• _TASK TO CARRY OUT_
Reproduce the listing that follows word for word, without its pictures.

--

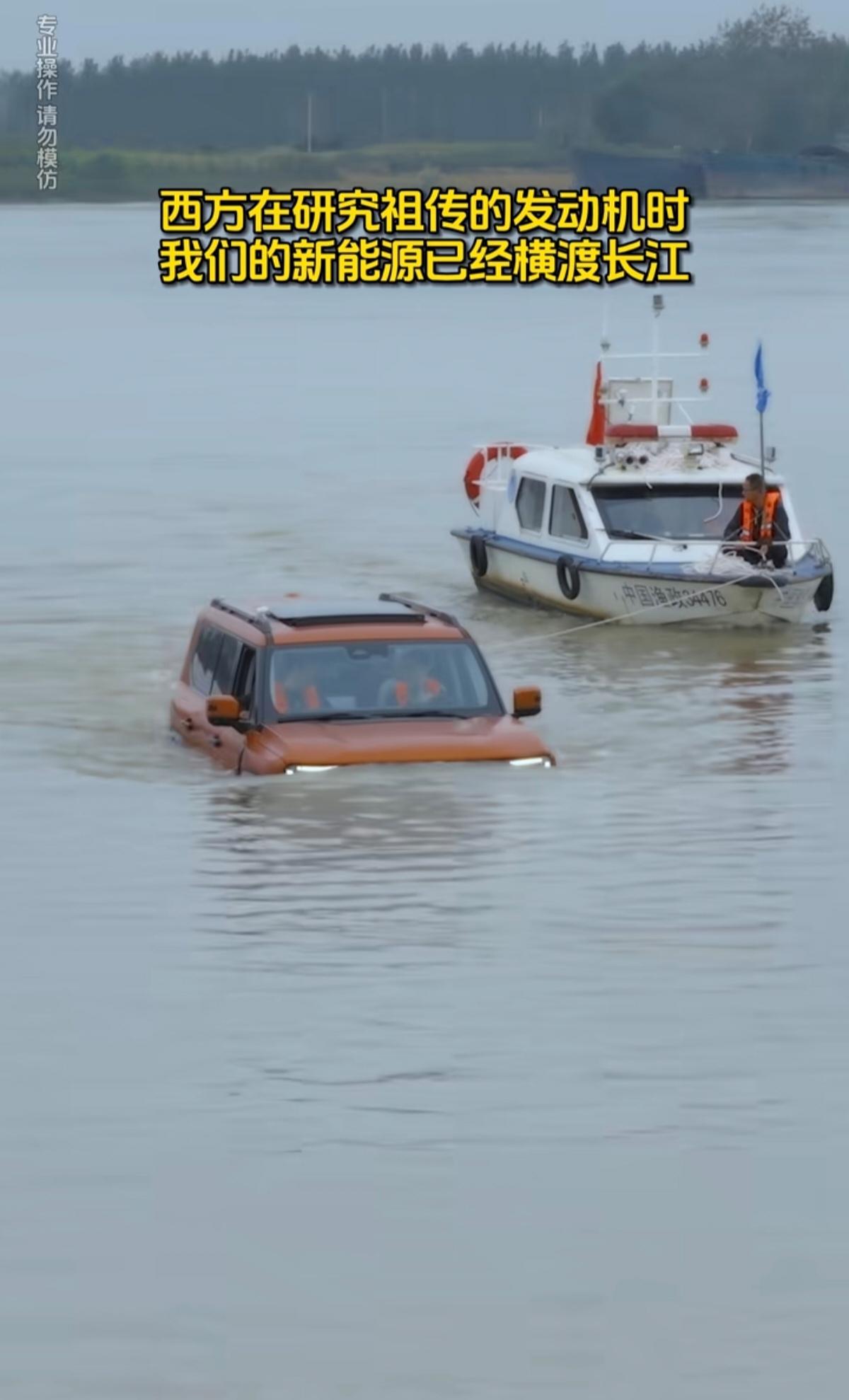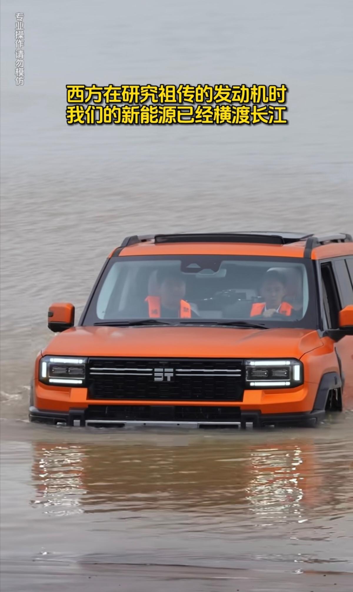 国产新能源现在是什么水平?[赞] 之前仰望U8越野场地涉水行驶,并没有激起太多浪花, 直到我今天看见这台橙色SUV,我真是大为震惊, 如果能在日常驾驶中就横渡长江,那是不是算得上真正的水陆两栖家用车了[思考] 那这样一来,涉水行驶将是未来新能源重要战场, 也就是说保险公司在车损险的涉水风险中将稳操胜券[赞][招财进宝][招财进宝] 硬派越野+新能源+水陆两栖,可玩性不可小觑,将再次改变人们的出行方式![思考] 期待新能源解锁更多技能, 最后谁能告诉我,这车标是哪个优秀的小可爱?[思考]
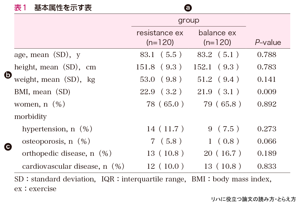 基本属性を示す表は,対象者の特性を把握するうえで重要である.人口統計学的データだけでなく,結果に影響を及ぼしうるような臨床特性が示される.表1に一例を示し,これをもとに説明する.
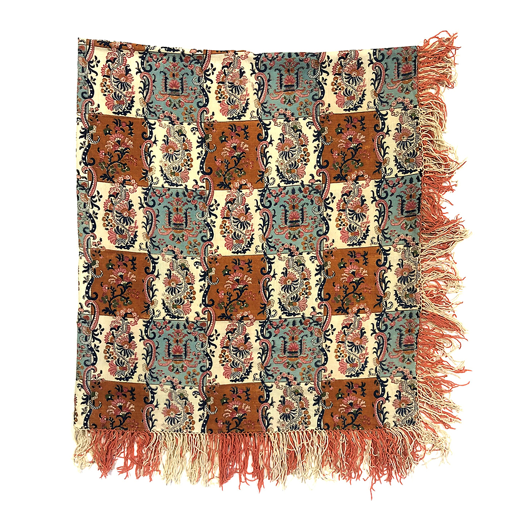 SQUARE PRINTED PAISLEY SHAWL CREAM, PINK AND ORANGE CHECK WITH FRINGING 4'4'' X 4'4''
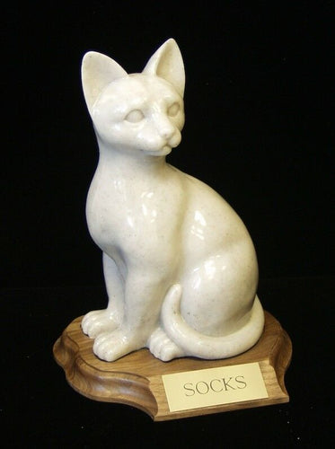 30 Cubic Inches Faithful Feline Urn in Sitting Position for Ashes, with base
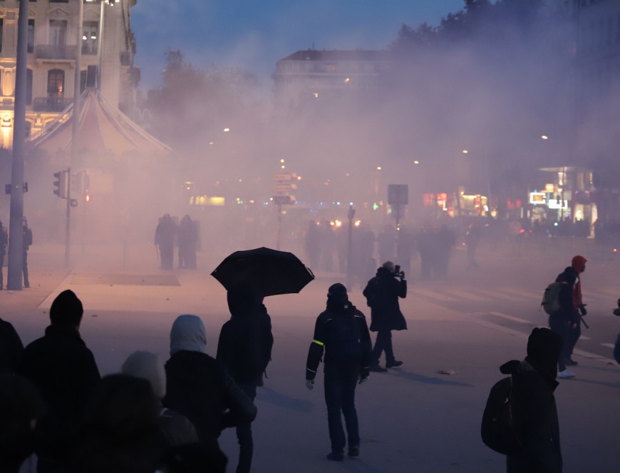 Le cortège s'est alors séparé en trois groupes. Comme la semaine dernière, les affrontements ont lieu au niveau du pont de la Guillotière. Certains ont même quitté le cortège à causes des nombreux fumigènes et gaz lacrymogènes. Selon nos informations, contrairement à la semaine dernière, les silos à verre ont bien été vidés.
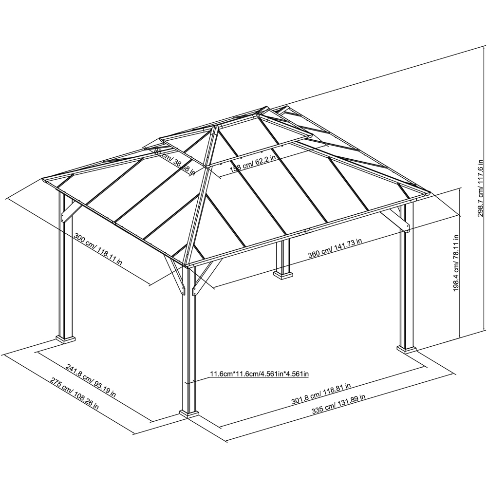 Expand your living space by bringing the indoors outside and create an end-of-the-day oasis that’s an ideal spot for entertaining family and friends. This 300cm x 360cm wood gazebo from the world’s leading ready-to-assemble outdoor structure maker, Sunjoy, creates the perfect outdoor setting for a gathering any time of the year. Spend all four seasons enjoying your covered area outdoors under a cedar wood frame gazebo with a sturdy powder-coated steel rooftop that will stand the test of time. The 2-tier roof provides just the right amount of airflow while simultaneously keeping occasional inclement weather at bay. Set the mood by suspending a chandelier from the incorporated ceiling hook for functional light and a touch of elegant design. With straightforward, easy-to-follow assembly instructions you’ll soon be relaxing in your favourite new outdoor living space, and for years to come.
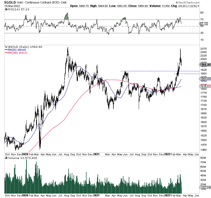 Gold has strong support at $1920 and $1900 and the top of the breakaway gap at $1908. A test of $1908 would mark an 8% decline from the peak.
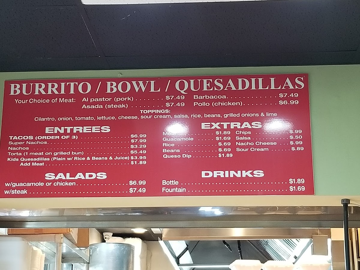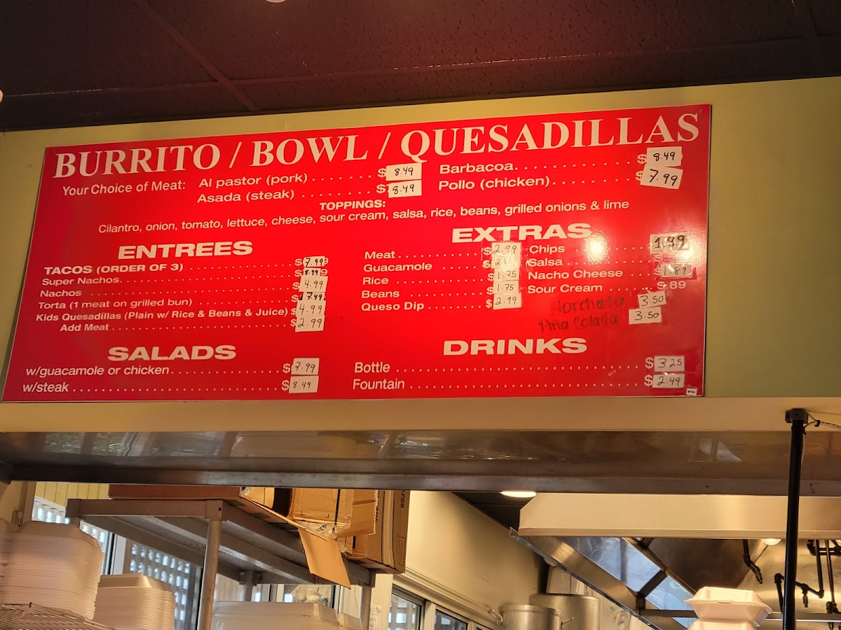 Choose a meat: Al Pastor (Pork), Asada (Steak), Barbacoa, Pollo (Chicken)

--

• _EXERCISE RESPONSE_
 国产新能源现在是什么水平?[赞] 之前仰望U8越野场地涉水行驶,并没有激起太多浪花, 直到我今天看见这台橙色SUV,我真是大为震惊, 如果能在日常驾驶中就横渡长江,那是不是算得上真正的水陆两栖家用车了[思考] 那这样一来,涉水行驶将是未来新能源重要战场, 也就是说保险公司在车损险的涉水风险中将稳操胜券[赞][招财进宝][招财进宝] 硬派越野+新能源+水陆两栖,可玩性不可小觑,将再次改变人们的出行方式![思考] 期待新能源解锁更多技能, 最后谁能告诉我,这车标是哪个优秀的小可爱?[思考]
 基本属性を示す表は,対象者の特性を把握するうえで重要である.人口統計学的データだけでなく,結果に影響を及ぼしうるような臨床特性が示される.表1に一例を示し,これをもとに説明する.
 SQUARE PRINTED PAISLEY SHAWL CREAM, PINK AND ORANGE CHECK WITH FRINGING 4'4'' X 4'4''
 30 Cubic Inches Faithful Feline Urn in Sitting Position for Ashes, with base
 Le cortège s'est alors séparé en trois groupes. Comme la semaine dernière, les affrontements ont lieu au niveau du pont de la Guillotière. Certains ont même quitté le cortège à causes des nombreux fumigènes et gaz lacrymogènes. Selon nos informations, contrairement à la semaine dernière, les silos à verre ont bien été vidés.
 Expand your living space by bringing the indoors outside and create an end-of-the-day oasis that’s an ideal spot for entertaining family and friends. This 300cm x 360cm wood gazebo from the world’s leading ready-to-assemble outdoor structure maker, Sunjoy, creates the perfect outdoor setting for a gathering any time of the year. Spend all four seasons enjoying your covered area outdoors under a cedar wood frame gazebo with a sturdy powder-coated steel rooftop that will stand the test of time. The 2-tier roof provides just the right amount of airflow while simultaneously keeping occasional inclement weather at bay. Set the mood by suspending a chandelier from the incorporated ceiling hook for functional light and a touch of elegant design. With straightforward, easy-to-follow assembly instructions you’ll soon be relaxing in your favourite new outdoor living space, and for years to come.
 Gold has strong support at $1920 and $1900 and the top of the breakaway gap at $1908. A test of $1908 would mark an 8% decline from the peak.
 Choose a meat: Al Pastor (Pork), Asada (Steak), Barbacoa, Pollo (Chicken)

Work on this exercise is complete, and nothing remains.